## TASK INPUT
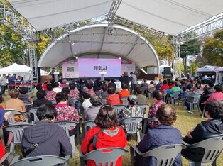 별량면 주민자치회가 지난 5월 주민과 학생, 소비자단체 등 200여 명이 함께 모내기에 참여해 조성한 논 아트가 유색벼 고유의 색을 드러내며 주민과 방문객들에게 볼거리를 제공하며 2023정원박람회를 홍보하고 있다.
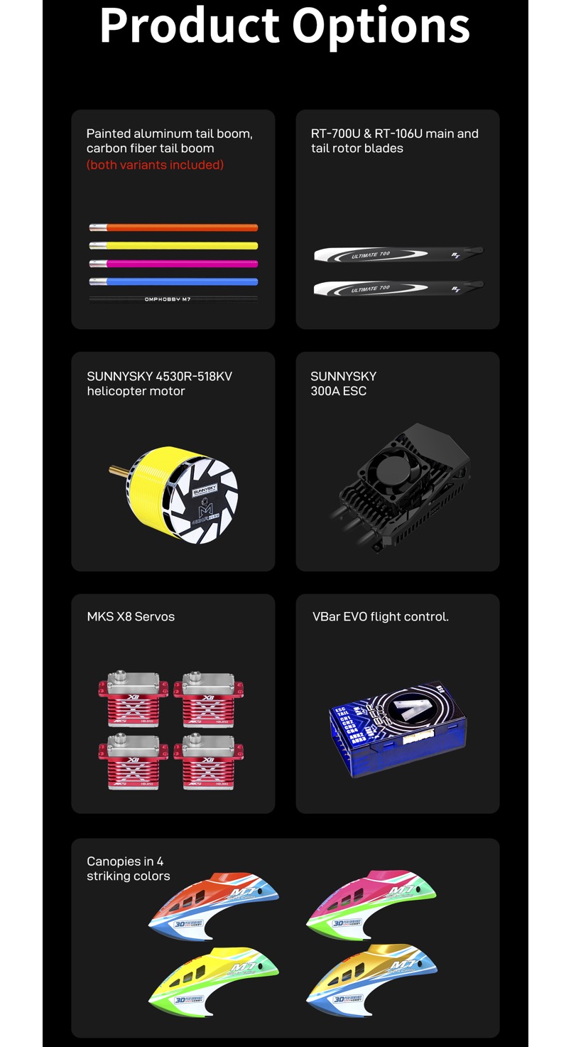 | Version | Kits(Excluding Blades), Kits+Blade(with RotorTech 700mm blades and 106mm tail blades), Kits+Motor(with SUNNYSKY H4530 Yellow motor. Excluding Blades), Kits+Motor+ESC(with SUNNYSKY H4530 (Y) motor SUNNYSKY 300A ESC. Excluding Blades), Kits+Motor+ESC+Vbar(with SUNNYSKY H4530 (Y) motor. VBar EVO. SUNNYSKY 300A ESC. Excluding Blades), Kits+Motor+ESC+Vbar+Blades+Servos(with SUNNYSKY H4530 (Y) motor. VBar EVO. SUNNYSKY 300A ESC. RT700U and MKS (HBL850*3 HBL880*1) |
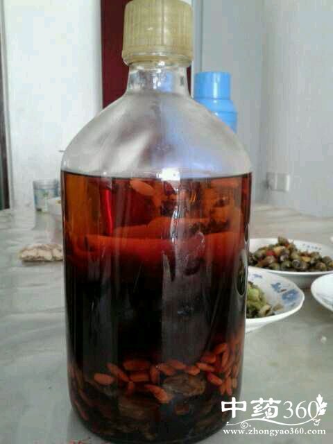 制法:先将以上15味药,除白酒外,混匀,再加入白酒密封浸渍,夏、秋45天,春、冬60天,滤取上清液,将药渣压榨,榨出液与浸液合并,静置4天,滤过即得。
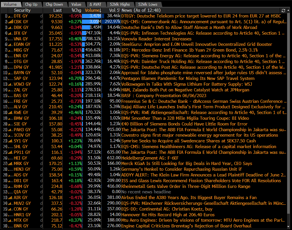 Mayores cambios porcentuales e información de empresas individuales en el índice DAX. Fuente: Bloomberg
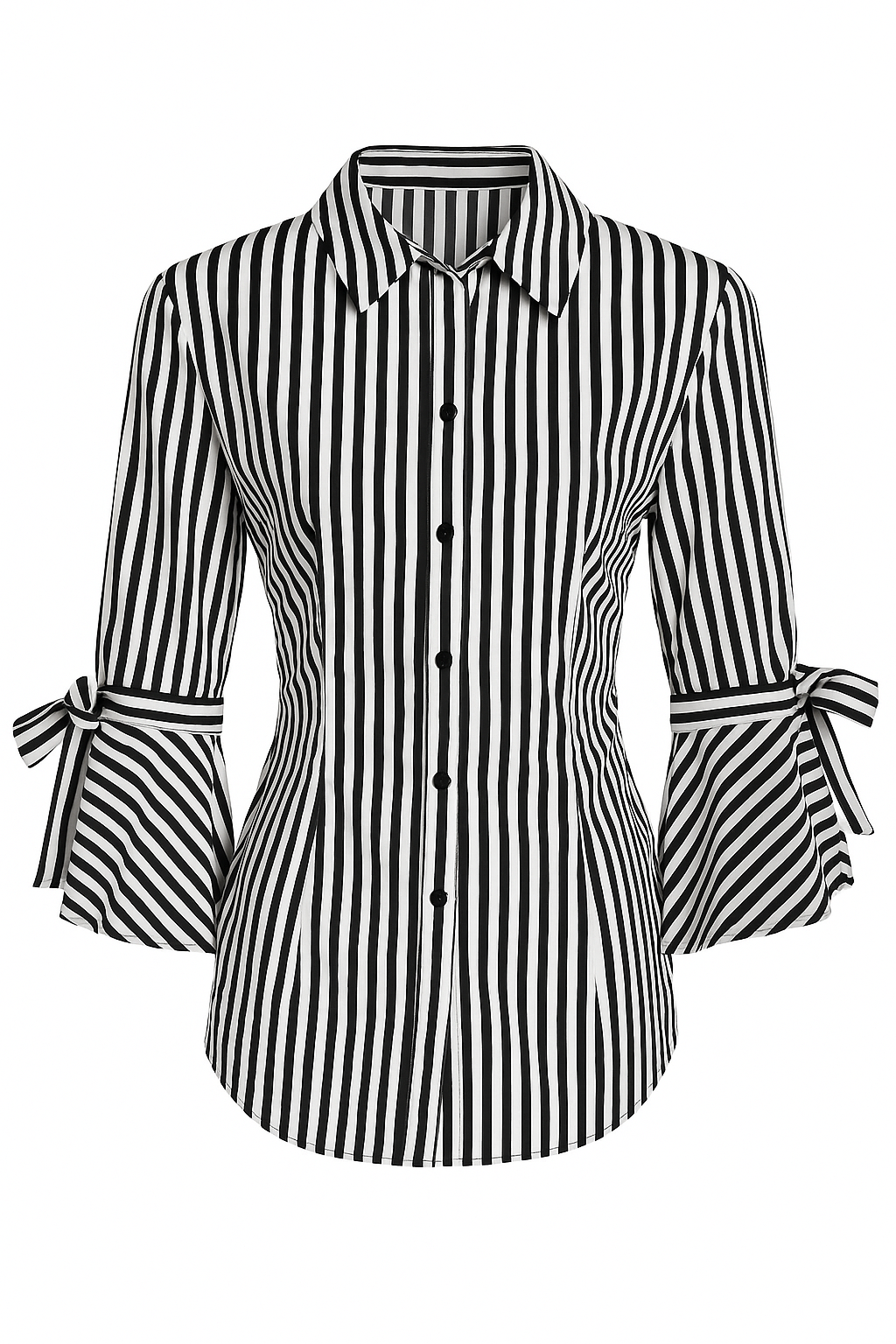 Make a bold statement with this black and white vertical striped blouse, designed for both elegance and edge. Featuring a flattering tailored fit, button-down front, and standout three-quarter bell sleeves with chic bow tie accents, this top is perfect for work or weekend wear.
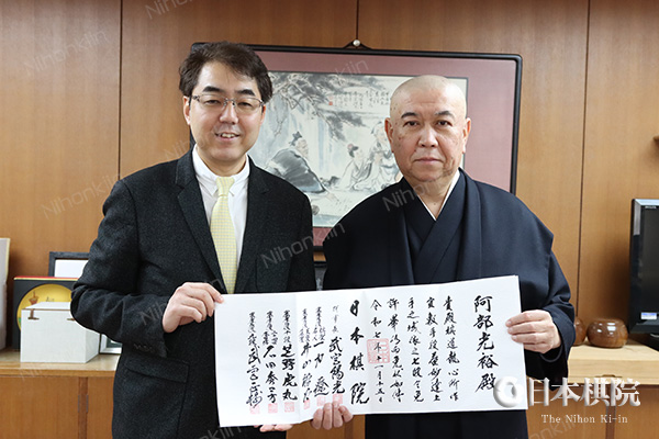 日本棋院は12月25日(木)、日本棋院東京本院(東京都千代田区)において、日本棋院福島県支部連合会会長および福島県支部支部長を務める阿部光裕氏に七段の免状を贈呈しました。

## ACTION ITEM
If the records include pictures, omit them and transcribe everything else exactly.

## EXERCISE SOLUTION
 별량면 주민자치회가 지난 5월 주민과 학생, 소비자단체 등 200여 명이 함께 모내기에 참여해 조성한 논 아트가 유색벼 고유의 색을 드러내며 주민과 방문객들에게 볼거리를 제공하며 2023정원박람회를 홍보하고 있다.
 | Version | Kits(Excluding Blades), Kits+Blade(with RotorTech 700mm blades and 106mm tail blades), Kits+Motor(with SUNNYSKY H4530 Yellow motor. Excluding Blades), Kits+Motor+ESC(with SUNNYSKY H4530 (Y) motor SUNNYSKY 300A ESC. Excluding Blades), Kits+Motor+ESC+Vbar(with SUNNYSKY H4530 (Y) motor. VBar EVO. SUNNYSKY 300A ESC. Excluding Blades), Kits+Motor+ESC+Vbar+Blades+Servos(with SUNNYSKY H4530 (Y) motor. VBar EVO. SUNNYSKY 300A ESC. RT700U and MKS (HBL850*3 HBL880*1) |
 制法:先将以上15味药,除白酒外,混匀,再加入白酒密封浸渍,夏、秋45天,春、冬60天,滤取上清液,将药渣压榨,榨出液与浸液合并,静置4天,滤过即得。
 Mayores cambios porcentuales e información de empresas individuales en el índice DAX. Fuente: Bloomberg
 Make a bold statement with this black and white vertical striped blouse, designed for both elegance and edge. Featuring a flattering tailored fit, button-down front, and standout three-quarter bell sleeves with chic bow tie accents, this top is perfect for work or weekend wear.
 日本棋院は12月25日(木)、日本棋院東京本院(東京都千代田区)において、日本棋院福島県支部連合会会長および福島県支部支部長を務める阿部光裕氏に七段の免状を贈呈しました。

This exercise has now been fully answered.